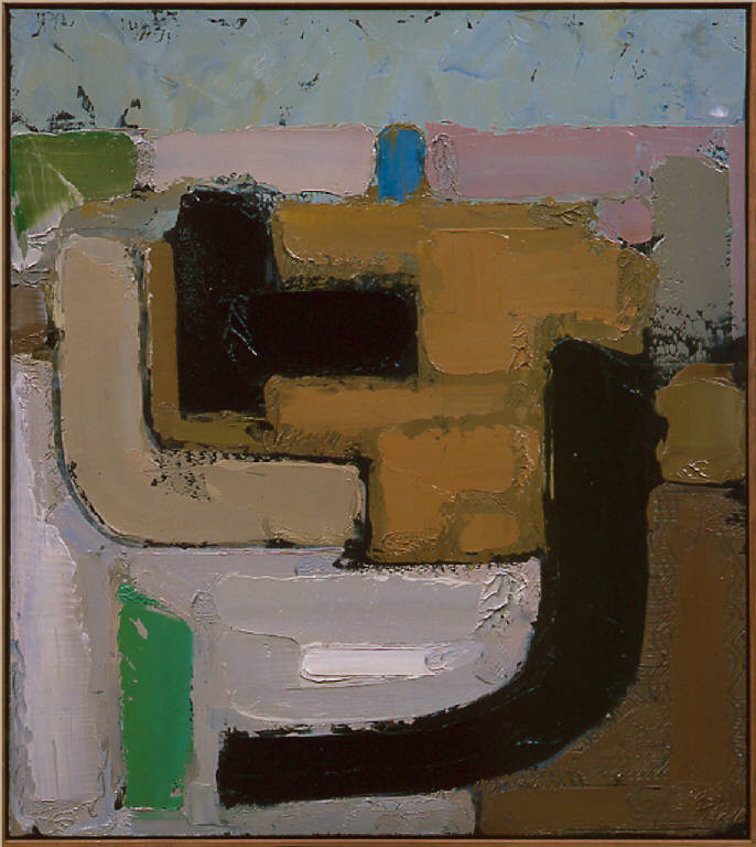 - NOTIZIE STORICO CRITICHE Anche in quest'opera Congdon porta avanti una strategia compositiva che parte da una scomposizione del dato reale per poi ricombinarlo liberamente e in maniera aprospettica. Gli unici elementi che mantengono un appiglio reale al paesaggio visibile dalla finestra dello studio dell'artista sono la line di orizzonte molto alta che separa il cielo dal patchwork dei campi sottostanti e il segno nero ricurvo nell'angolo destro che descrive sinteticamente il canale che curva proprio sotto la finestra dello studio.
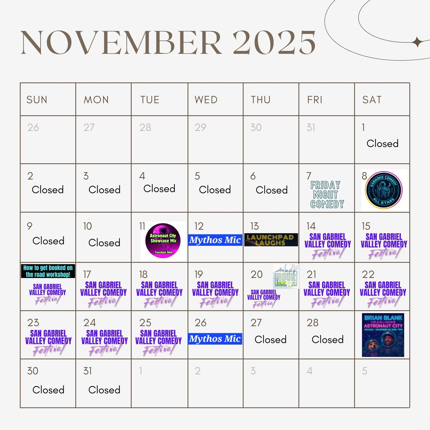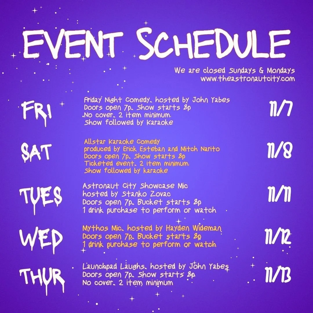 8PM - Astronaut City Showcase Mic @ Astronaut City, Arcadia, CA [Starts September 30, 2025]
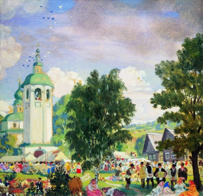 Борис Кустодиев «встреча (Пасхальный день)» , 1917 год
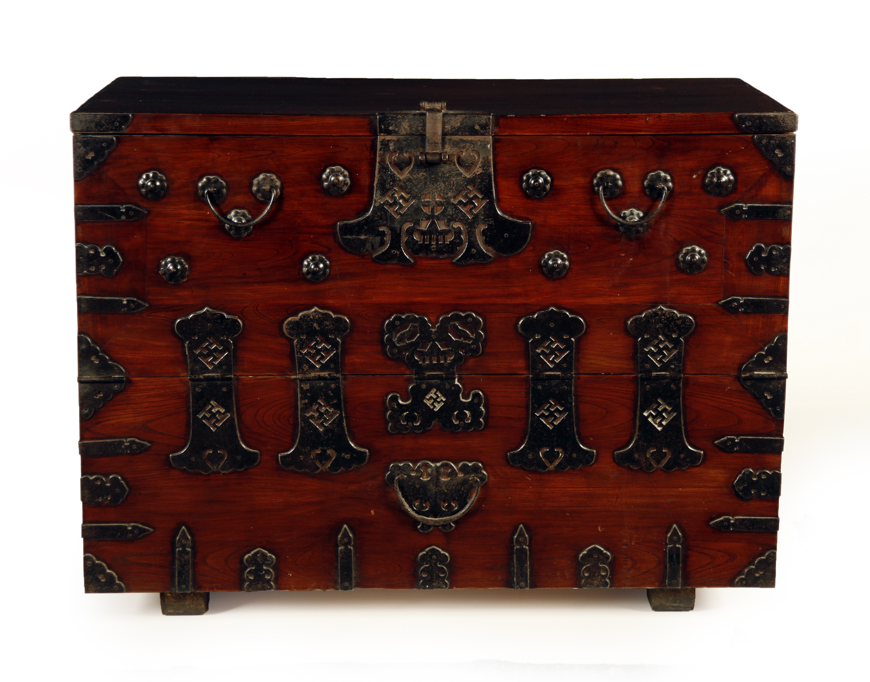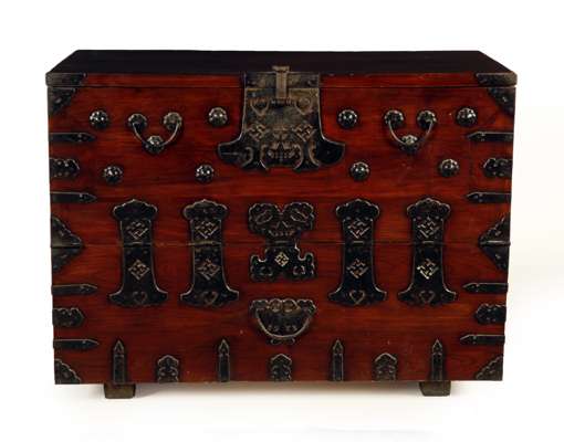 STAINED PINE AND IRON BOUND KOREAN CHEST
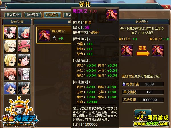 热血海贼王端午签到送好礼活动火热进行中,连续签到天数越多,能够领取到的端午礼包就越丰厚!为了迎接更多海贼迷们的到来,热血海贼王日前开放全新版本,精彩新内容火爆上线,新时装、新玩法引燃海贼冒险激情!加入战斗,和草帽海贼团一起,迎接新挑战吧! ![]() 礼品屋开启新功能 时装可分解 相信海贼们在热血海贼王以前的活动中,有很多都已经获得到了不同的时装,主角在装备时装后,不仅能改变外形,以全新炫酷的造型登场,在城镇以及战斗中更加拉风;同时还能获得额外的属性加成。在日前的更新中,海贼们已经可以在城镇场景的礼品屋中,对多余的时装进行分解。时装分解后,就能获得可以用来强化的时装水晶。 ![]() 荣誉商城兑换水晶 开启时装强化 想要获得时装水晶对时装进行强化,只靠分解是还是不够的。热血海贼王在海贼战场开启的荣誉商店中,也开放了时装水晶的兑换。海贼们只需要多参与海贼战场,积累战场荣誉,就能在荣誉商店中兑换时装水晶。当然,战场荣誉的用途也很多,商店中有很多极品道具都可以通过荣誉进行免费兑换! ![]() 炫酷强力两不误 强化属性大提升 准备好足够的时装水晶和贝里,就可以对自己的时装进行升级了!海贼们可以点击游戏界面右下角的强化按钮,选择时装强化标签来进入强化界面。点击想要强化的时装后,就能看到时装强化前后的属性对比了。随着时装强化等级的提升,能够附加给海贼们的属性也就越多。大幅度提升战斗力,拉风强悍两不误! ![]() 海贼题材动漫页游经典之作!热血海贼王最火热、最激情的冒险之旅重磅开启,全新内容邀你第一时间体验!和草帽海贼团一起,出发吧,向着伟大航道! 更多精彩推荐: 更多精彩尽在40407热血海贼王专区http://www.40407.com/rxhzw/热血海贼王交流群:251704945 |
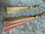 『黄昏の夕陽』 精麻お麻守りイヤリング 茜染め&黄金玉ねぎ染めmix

==

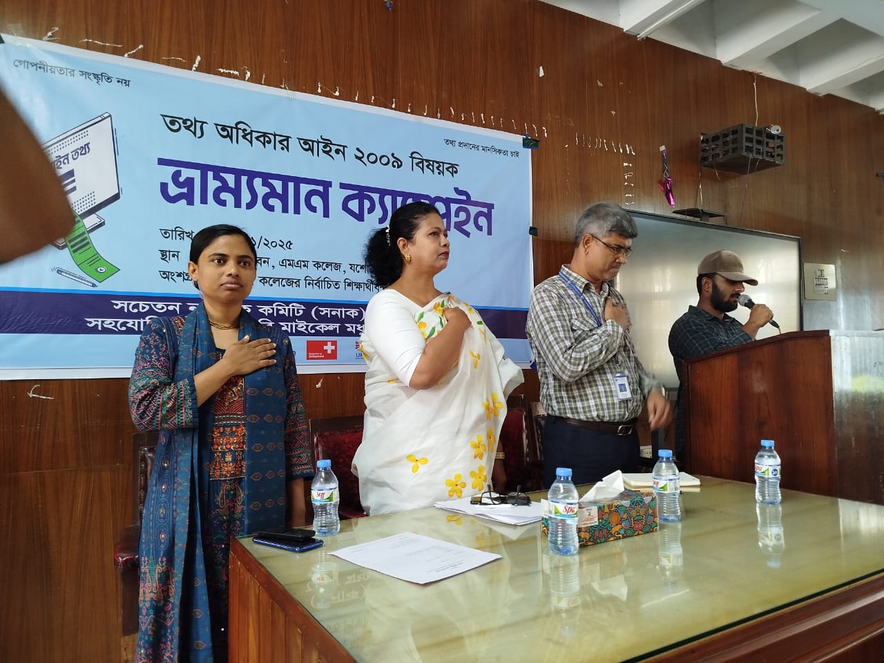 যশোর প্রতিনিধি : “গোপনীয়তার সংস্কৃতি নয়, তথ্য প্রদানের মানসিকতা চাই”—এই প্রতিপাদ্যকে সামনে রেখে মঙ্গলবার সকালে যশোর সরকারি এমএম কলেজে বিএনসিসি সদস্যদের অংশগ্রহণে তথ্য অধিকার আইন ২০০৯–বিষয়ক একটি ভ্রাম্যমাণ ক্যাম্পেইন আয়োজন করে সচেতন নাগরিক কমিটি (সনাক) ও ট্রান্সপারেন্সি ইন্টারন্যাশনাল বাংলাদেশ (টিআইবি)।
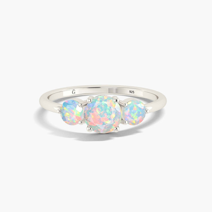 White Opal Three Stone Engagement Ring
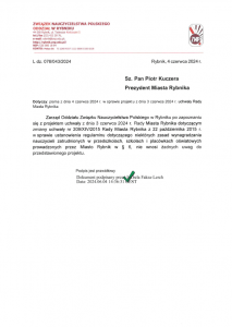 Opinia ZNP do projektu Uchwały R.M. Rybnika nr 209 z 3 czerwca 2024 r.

* _WHAT YOU SHOULD DO_: Please repeat the lines of the material above exactly, starting with the line that contains "- NOTIZIE STORICO" and ending with the line that contains "STAINED PINE AND IRON BOUND KOREAN CHEST". Leave the pictures out.

* _EXPECTED OUTPUT_:
 - NOTIZIE STORICO CRITICHE Anche in quest'opera Congdon porta avanti una strategia compositiva che parte da una scomposizione del dato reale per poi ricombinarlo liberamente e in maniera aprospettica. Gli unici elementi che mantengono un appiglio reale al paesaggio visibile dalla finestra dello studio dell'artista sono la line di orizzonte molto alta che separa il cielo dal patchwork dei campi sottostanti e il segno nero ricurvo nell'angolo destro che descrive sinteticamente il canale che curva proprio sotto la finestra dello studio.
 8PM - Astronaut City Showcase Mic @ Astronaut City, Arcadia, CA [Starts September 30, 2025]
 Борис Кустодиев «встреча (Пасхальный день)» , 1917 год
 STAINED PINE AND IRON BOUND KOREAN CHEST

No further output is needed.